▶ **Activity**
Output only the lines that run from the line holding "This set of" to the end of the entries, both ends included, and skip the pictures.

▶ **Materials provided**

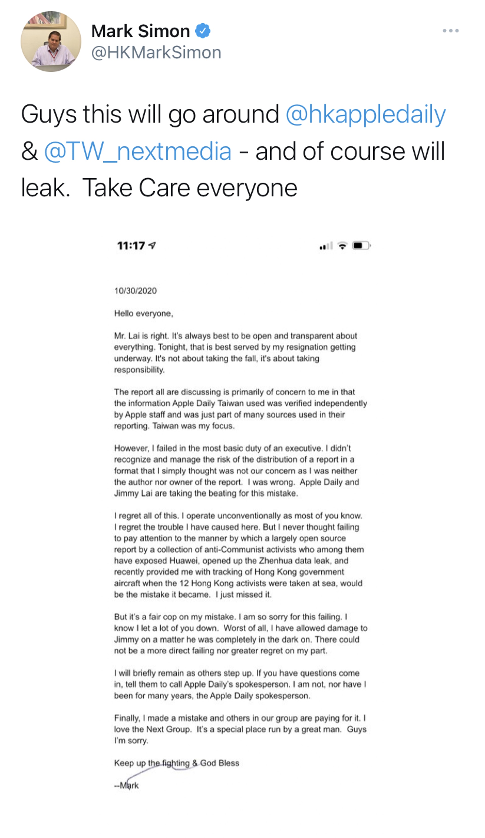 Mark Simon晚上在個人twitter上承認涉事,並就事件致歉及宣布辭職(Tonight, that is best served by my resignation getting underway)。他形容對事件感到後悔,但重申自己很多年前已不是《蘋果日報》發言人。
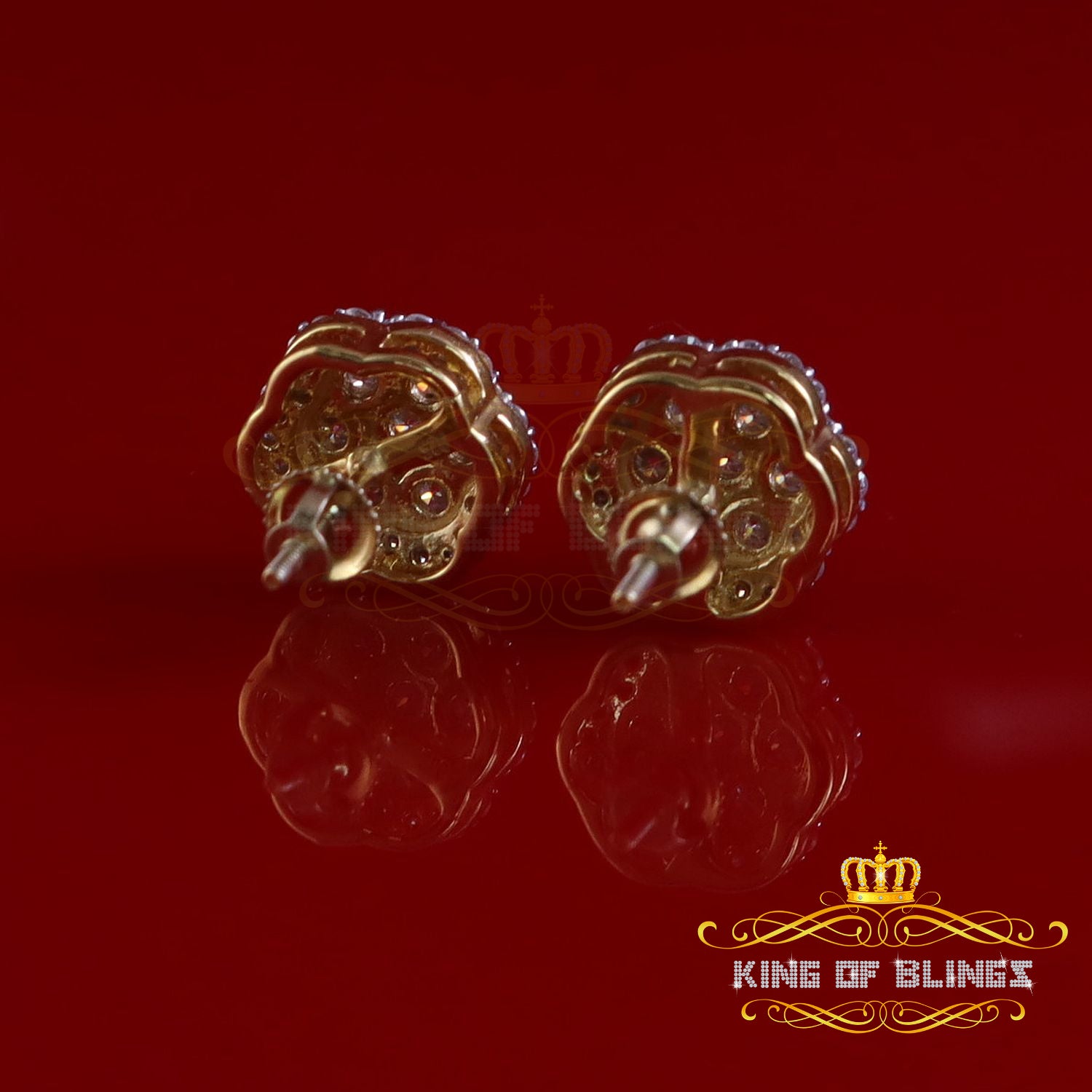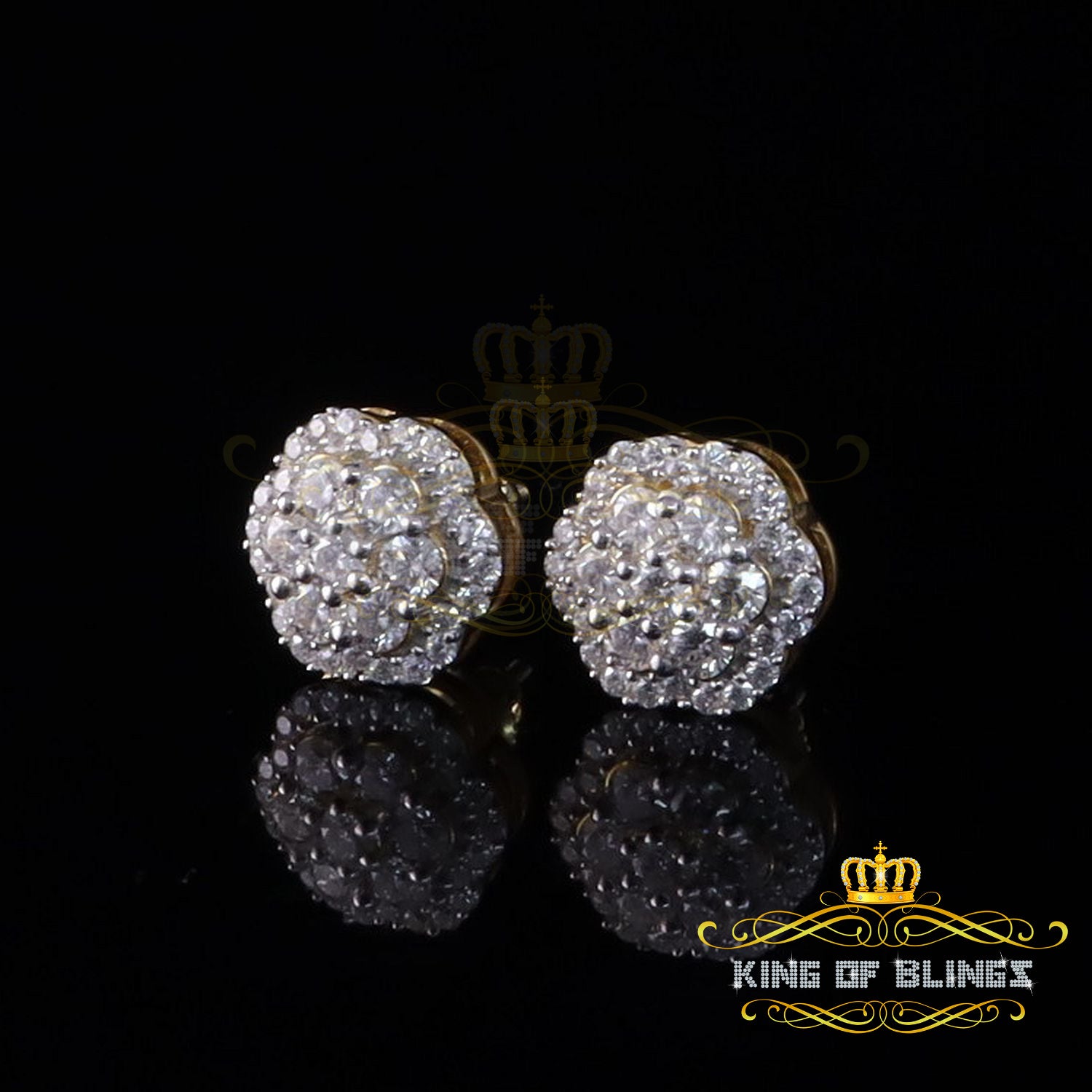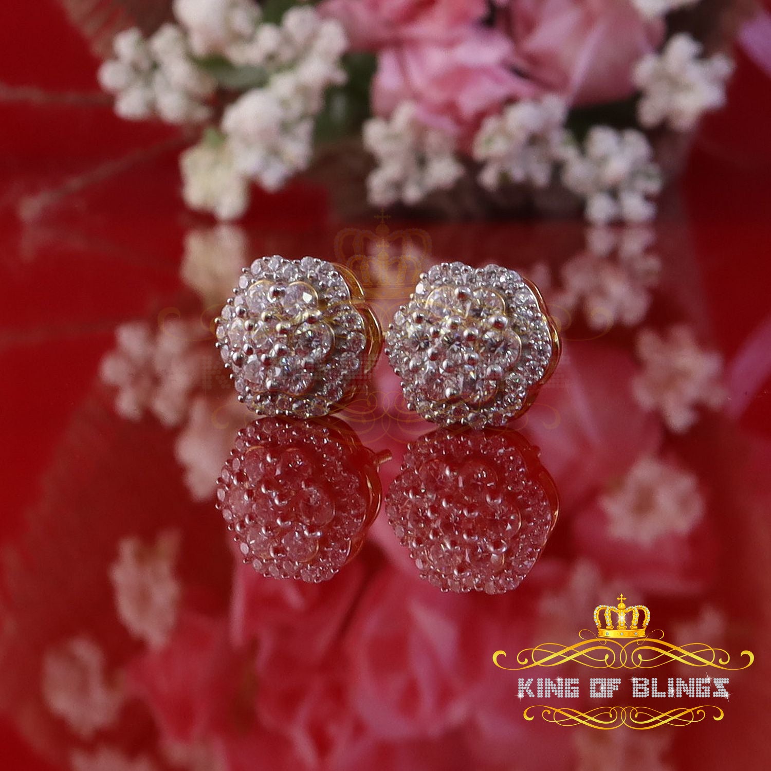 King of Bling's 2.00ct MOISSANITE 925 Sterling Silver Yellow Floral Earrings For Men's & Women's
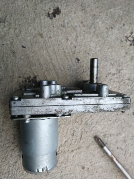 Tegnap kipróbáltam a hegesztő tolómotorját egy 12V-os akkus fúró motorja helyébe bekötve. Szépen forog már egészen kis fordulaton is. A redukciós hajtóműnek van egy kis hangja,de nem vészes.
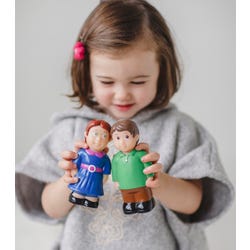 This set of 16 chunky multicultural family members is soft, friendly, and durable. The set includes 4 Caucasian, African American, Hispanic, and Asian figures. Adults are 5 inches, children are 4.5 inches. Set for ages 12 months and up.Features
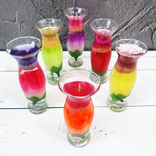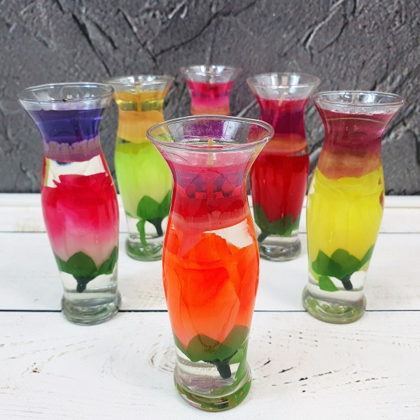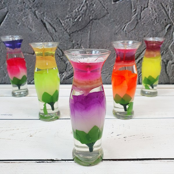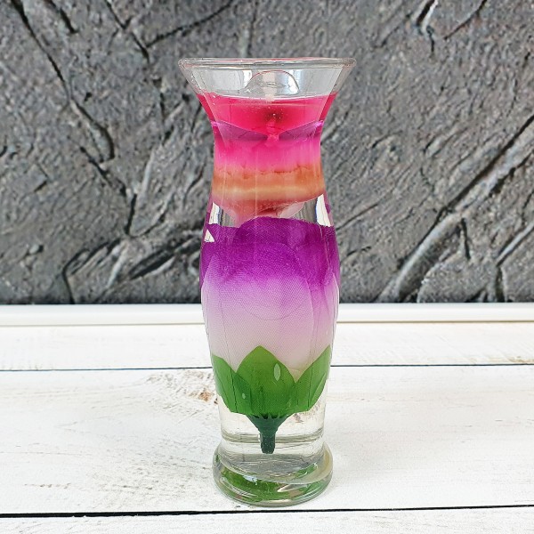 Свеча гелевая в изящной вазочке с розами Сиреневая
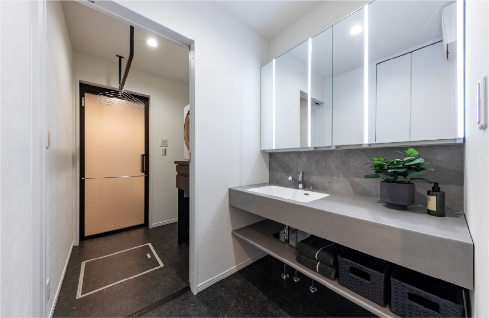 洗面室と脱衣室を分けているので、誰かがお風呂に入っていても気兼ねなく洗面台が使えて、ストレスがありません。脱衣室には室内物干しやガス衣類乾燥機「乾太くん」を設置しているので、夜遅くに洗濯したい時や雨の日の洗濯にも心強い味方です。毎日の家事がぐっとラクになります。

▶ **Task solution**
 This set of 16 chunky multicultural family members is soft, friendly, and durable. The set includes 4 Caucasian, African American, Hispanic, and Asian figures. Adults are 5 inches, children are 4.5 inches. Set for ages 12 months and up.Features
 Свеча гелевая в изящной вазочке с розами Сиреневая
 洗面室と脱衣室を分けているので、誰かがお風呂に入っていても気兼ねなく洗面台が使えて、ストレスがありません。脱衣室には室内物干しやガス衣類乾燥機「乾太くん」を設置しているので、夜遅くに洗濯したい時や雨の日の洗濯にも心強い味方です。毎日の家事がぐっとラクになります。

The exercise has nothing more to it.